Cooking:  It is difficult to give an exact time for how long your pizzas should bake.  Many factors go into determining this.  The size of the pan, the quantity and density of your toppings, the temperature of the toppings and many other variables contribute to the length of time it takes for the pizza to cook completely.  As a general rule most homemade pizzas will take between 12 and 20 minutes to cook completely.  A large thick 9 by 13-inch pizza with a pound of cooked meat on it, and 3/4-pound of cheese may take as long as 30 minutes, so use your good sense to help you determine when it is done. 

Plain cheese pizzas cook the fastest, usually in about 12 minutes or so.  The clues I use most often is the color of the crust and the bubbly-ness of the cheese.  When the cheese it completely melted, slightly brown in a couple of spots, and bubbling in a sort of volcanic mass, then the pizza is done. 

I usually bake my pizza at about 400 or 425°.  The high temperature makes the crust a little lighter, and the toppings are less likely to overcook.  If the pizza seems done, take it out and stab it in the center with a fork.  Peer down at the crust, the toppings and the cheese.  If the center appears cooked all the way through, then you can eat it.  If you aren't sure, or if it still seems a little raw in the center, then place it back in the oven and test it again in a few minutes.  If the edges are burning, go ahead and take it out and eat it as is.  The kids won't notice, and you'll know to keep the stove temperature a little lower next time.

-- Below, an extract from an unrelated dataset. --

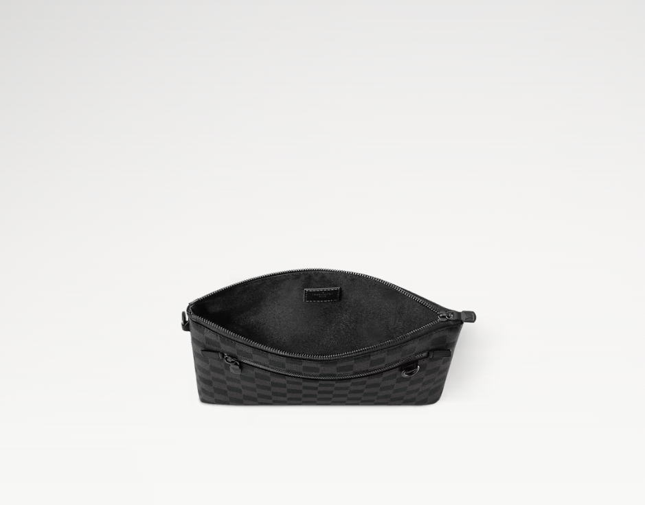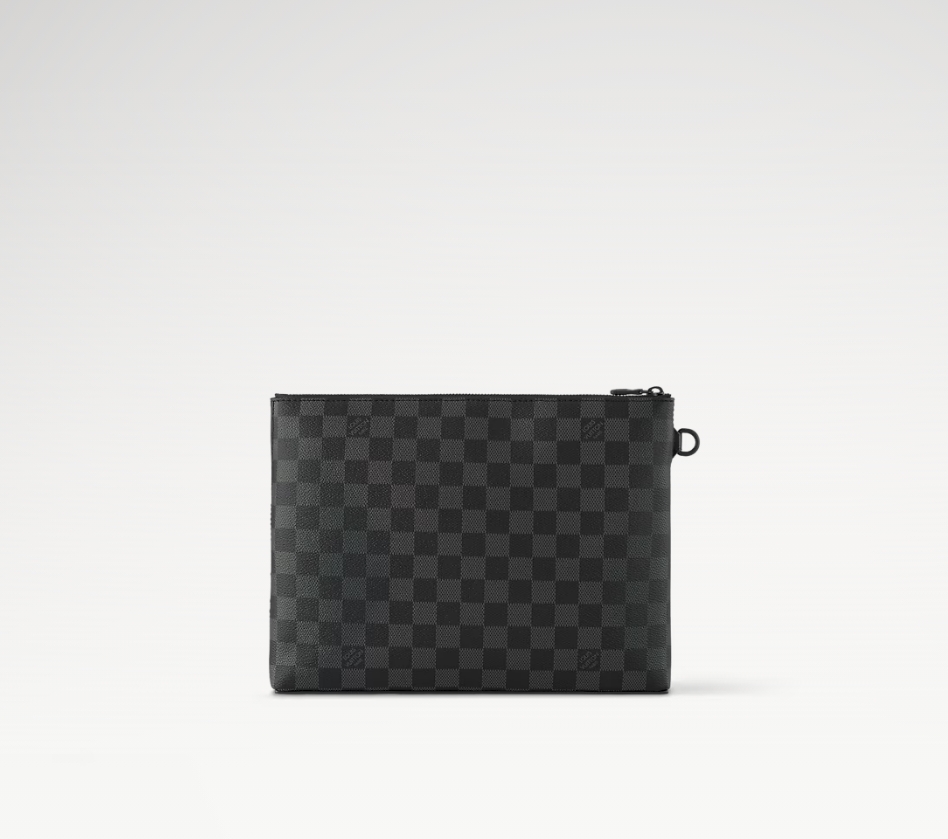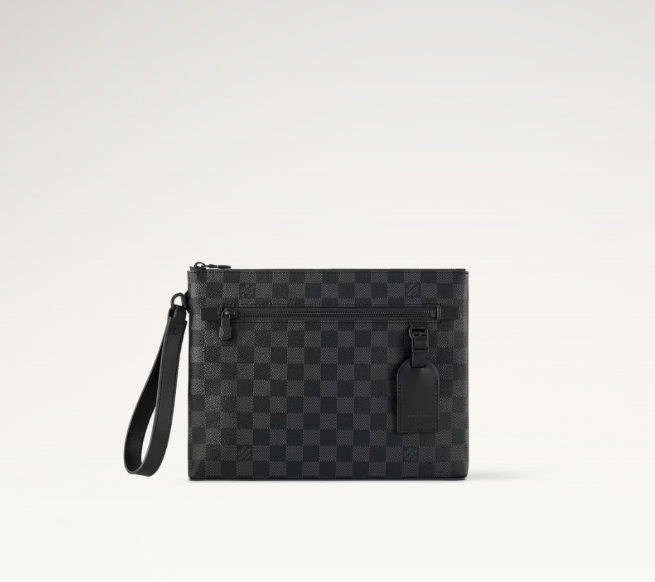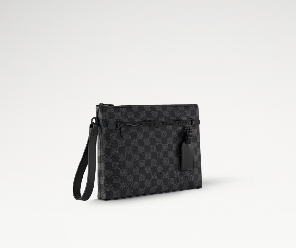 メゾンのアイコニックなダミエ・グラフィット キャンバスで仕立てた「テイクオフ・ポーチ」。従来のビジネスバッグに代わる、コンパクトなアイテムです。メインコンパートメントはiPadを収納できるサイズに仕上げ、ファスナー付きフロントポケットを配して必需品の出し入れを容易にしました。しなやかで軽量なポーチはストラップ付きで、リストキャリーでもお楽しみいただけます。

Cost: Using these methods a Large Cheese Pizza winds up costing well under $2.  It can be as cheap as $1.50 per pizza if all the ingredients are purchased on sale.  Mushrooms, olives and other vegetables increase the cost about 40 to 50¢, depending on their purchase price.  The meat toppings suggested above add between 30¢ and 75¢ (per pizza) to the final cost, with hot dogs and baloney being at the low end, and sausage, ground beef and ham being at the high end.  All said, exotic pizzas, with lots of fancy toppings can be made for about $3 a piece.  Or to put it another way, for the price of one medium sized name-brand frozen cheese pizza from the store, you can prepare two large pizzas with THE WORKS at home!